I've never done this before, so I can't give you a step-by-step, but you did find the correct place to enable encryption (42partman...)

di-live leverages d-i (debian-installer) to do the heavy lifting, which is used by Debian and Ubuntu. These links (1, 2) might help.

In a nutshell, you need to preseed d-i partman with the configuration you want in the di-live hook, and then let partman take care of the details.

phillip bailey's picture

Alon,

thanks for the update, today I'll try to get my fingers dirty with partman.

phillip bailey's picture

Hi Alon,

things are getting hard with di-live an partman, there's any way to avoid the di-live heavy lifting during the disk partitioning?.


Thanks,

Phillip

phillip bailey's picture

Hi Alon,

I know that you I've invested a lot of time writing di-live, I'm asking if there's a way to disable it and go with a normal debian installer, because things with the encrypted file system and di-live a getting pretty messed up..

Phillip

Alon Swartz's picture

Not really. di-live was developed to provide the ability to install a "live" debian based system to the harddisk. The debian-installer itself doesn't have that ability.

With enough tweaking you should be able to disable preseeding and enable all the d-i partman recipes for advanced usage scenarios (like full file-system encryption). You might need to install some dependencies though, as I said above, I'm not sure as I've never tried myself...

DLH's picture

Alon

 

you guys products are awesome but currently I cannot use them in production and sometimes not even in dev environments until we can achieve whole disk encryption with the installer... Id love to see this feature added as it has become de facto standard where I work now

thanks

 

doug


Jeremy Davis's picture

Have a look here, although I have no idea when an option like that will be implemented.

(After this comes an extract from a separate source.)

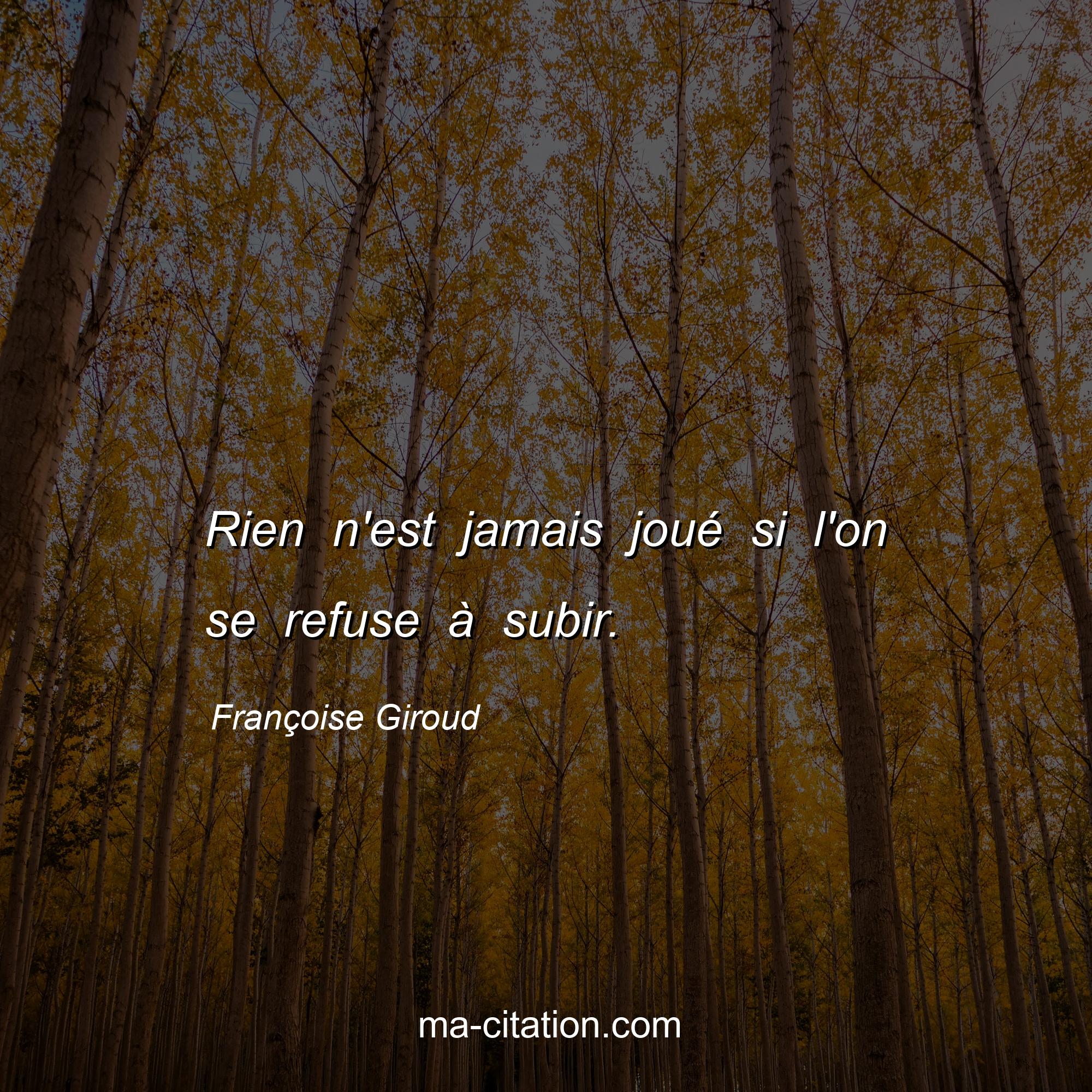 Citation sur la vie de Françoise Giroud :Rien n'est jamais joué si l'on se refuse à subir.

If you are really keen on this then I suggest that you consider forking di-live.

Ole Rasmussen's picture

The whold disk encryption is such a must have now a days, that without it Turnket Linus is not a serious bid in a production environment.
Personally I do think you should focus on this feature as a top priorety before anything else.

I wote for a rapid implementation

/Ole

Ole Rasmussen's picture

It's more than a year gone now. Any news on this?

Jeremy Davis's picture

Unfortunately not...

I personally would love to have this included, but unfortunately, there are only so many hours in the day and we have limited resources.

It's also worth keeping in mind that the value of disk encryption on a "always on" server, is pretty limited (encryption only protects the data "at rest"; i.e. when it's off). The fact that most TurnKey servers don't even run on real hardware (i.e. mostly they're run as VMs), means that there isn't really any advantage to disk encryption for 99% of our users.

Also, as we're fairly small team with limited resources we have to always keep in mind that saying yes to one thing, means saying no to a million other things.

So I really hope that we might get to this one day, but I have no idea when and the unfortunate reality is that unless someone steps up to take care of it (either via doing the work or paying someone to do the work), then there is a chance that it may be literally years before we get to it! :(

It seems that this is an important feature for you. If you are particularly interested in seeing this pushed forward and don't have the time/energy/knowledge to look into developing it yourself, perhaps you'd be interested in sponsoring work on it? We won't have any spare cycles anytime soon, but we would probably be open to contribute to contracting a freelancer to do the work if you (and/or others) are willing to throw in?! I'm not sure how much we could contribute, but we could look at getting a quote if you're keen? Then we'd at least have a ballpark. In my experience, freelance open source developers will give a bit of a discount for open source too. It's only a random guess, but I reckon we could probably get it done (or at least close) for something in the vicinity of $1000-$2000. So I guess it's how keen you are?

Otherwise if that isn't an option, I have no idea when we might get to it. The unfortunate reality with this sort of thing is that we have a constant stream of new things that we need to do, so getting back to "cool features" is always a struggle.

I hope that isn't too disheartening for you. But I wanted to give you a really clear insight...

It's also worth noting, that if encryption is important to you, you could configure your disk(s) to be encrypted after install yourself if you wished. I've never done it and don't know exactly what is required, but I know it's possible. If you go that path instead, it'd be awesome if you could post back with instructions.